Calling Sir David Nicholson
The former Comrade-In-Chief may be interested to learn that Lord Lansley HAS Had Thoughts about him: “in the Department of Health, many senior positions were filled by NHS managers. And they, of course, had a completely different approach. They hated it all. They hated the reforms; they were the enemy within. Because they saw the reforms as handing power to clinicians, and by extension removing jobs and control from the hands of the NHS management.

"So, I had to negotiate aspects of the reforms with David Nicholson in order to keep him on board, and to keep the NHS managers on board, in order to keep the programme for implementation on track. But there were things like the continuation of commissioning support units and the form that commissioning support units took that I would not have done were it not for David Nicholson protecting his own people in the NHS and in strategic health authorities.”

Well, it's a take. Wrong of course, demonstrably and almost totally so, but clearly that's how it looks from Lansleyland. He goes on, “and I personally think it’s less true now, of course, because many of those have all moved out into NHS England and they’re trying to turn NHS England into the Department of Health.”

I mean, you've got to smile. This is just such inept, self-justifying crap that it would take a heart of stone not to laugh.

It gets even more [chef finger-kiss] with the following exchange:
GA: "One final question about your time as health secretary: looking back at the Health and Social Care Act now, what do you think its legacy is and will be?"
AL: "Well, the principal one would be NHS England."

Yes, that is the same Lord Lansley who, a mere few paragraphs above was slating NHS England.

I didn’t think it could get any better, but here it comes: “NHS England, from the government’s point of view, is an enormously successful innovation. It has taken control of the NHS, albeit it now wants to be a monopoly operation, it actually is the commissioning side, and it does hold providers to account now in ways that the Department for Health was never capable of doing, where the providers were always playing political games. They can’t play political games with NHS England because, unlike ministers, they don’t come and go.

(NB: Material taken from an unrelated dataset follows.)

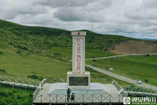 位于红原县日干乔大沼泽的红军过草地纪念碑。

“They can set a 10-year strategy. In 2019, they published a 10-year plan. The NHS has never had such a thing before. NHS requires NHS workforce plans, and they’ve never had one before, and NHS Education, and now NHS England working with NHS Education, will develop that.”

(They can't, and won't.)

“A 10-year plan for the NHS will be a striking long-term change for the NHS, and that will be the principal legacy from the 2012 Act.”

Remarkable, really. Lord Lansley's heroic capacity for self-deception is matched only by the poverty of his attempt to re-write history.

Nobody who was paying any attention will be fooled for even a second.